Director: Laura Matula
Starring: Nan Gurley, John Schuck, Carrie Tillis
Distributor: Trafalgar
Runtime: 143 mins. Reviewed in Aug 2023
Reviewer: Fr Peter Malone msc
| JustWatch |
Rating notes: Holocaust themes; mild violence

A beautifully filmed stage-play adaption of the story of Corrie Ten Boom and her family who risked everything to hide Jewish refugees in their home in the Netherlands during World War II.

The first thing to say is that this is a worthy drama. It is the story of Corrie ten Boom, her sister, Betsie, father Casper, and extended family, who saved 800 Jews during World War II, hiding them in their house in Harlem, Holland. It would be seen as a complementary story to The Diary of Anne Frank. Corrie wrote the story of the hiding of the Jews as well as the internment of Betsie and herself in Ravensbruck concentration camp. There was a faith-based version of the story in the 1975 film of the same name, starring Julie Harris as Corrie.

The second thing to say is that this is a filmed version of a theatrical performance. On the one hand, it is valuable to have a version of a theatre event. On the other, the audience response to a filmed play is different from that for the cinematic treatment of a drama. It is stagebound and it is over to the inventiveness of the director and camera crew, and editors, to find the right angles, the close-ups, movement, for a cinematic response. The performances can be stagebound as well – theatrical, stylised.
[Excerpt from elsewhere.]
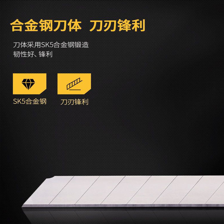 美工刀刀體采用SK5合金鋼鍛造,韌性好,鋒利

Having said that, it is to the credit of Rabbit Room Theatre to have staged The Hiding Place, written by AS Peterson based on the book. And, to the theatre’s credit, it has filmed a performance in Nashville.

The theatrical effect is immediately evident as members of the cast come on stage, suitcases, searching, indication of what is to come. Throughout the play, the older Corrie speaks to the audience, is interrogated by a Nazi official, but with scenes of flashbacks, to her watchmaker father and his shop, to her sister, Betsie, and the love in the family.

However, the main action is the beginning of the invasion of Holland with Jewish refugees. The Dutch underground shelters Jews, finding food cards to sustain them, eventually coming to the ten Boom shop, where they are hidden, fed and housed before they able to be moved on – with, as has been noted, 800 Jews saved from being taken to the concentration camps.

The ten Booms were Dutch Calvinists, so lived by a strict interpretation of God’s will, of Christian love, and it being tested by extremes, the challenges of forgiveness. This is particularly the case when an arrogant young German comes to work in the shop, smugly superior, eventually joining the army, patrolling in Harlem, seen at Ravensbruck – and, at the end, the focus for Corrie and forgiveness.

Gurley is particularly forceful in the role of Corrie, not a simple saintly character, but generous, fearful, angry, challenged by Christian charity demands of forgiveness.

There is some tension in the hiding sequences, even more tension when the family is arrested, taken prisoner, then to the concentration camp.

When Corrie returns home, she wants a memorial to what has happened and begins travelling around the world in a mission of remembrance of the suffering and death in the Holocaust, and the consequences for the world.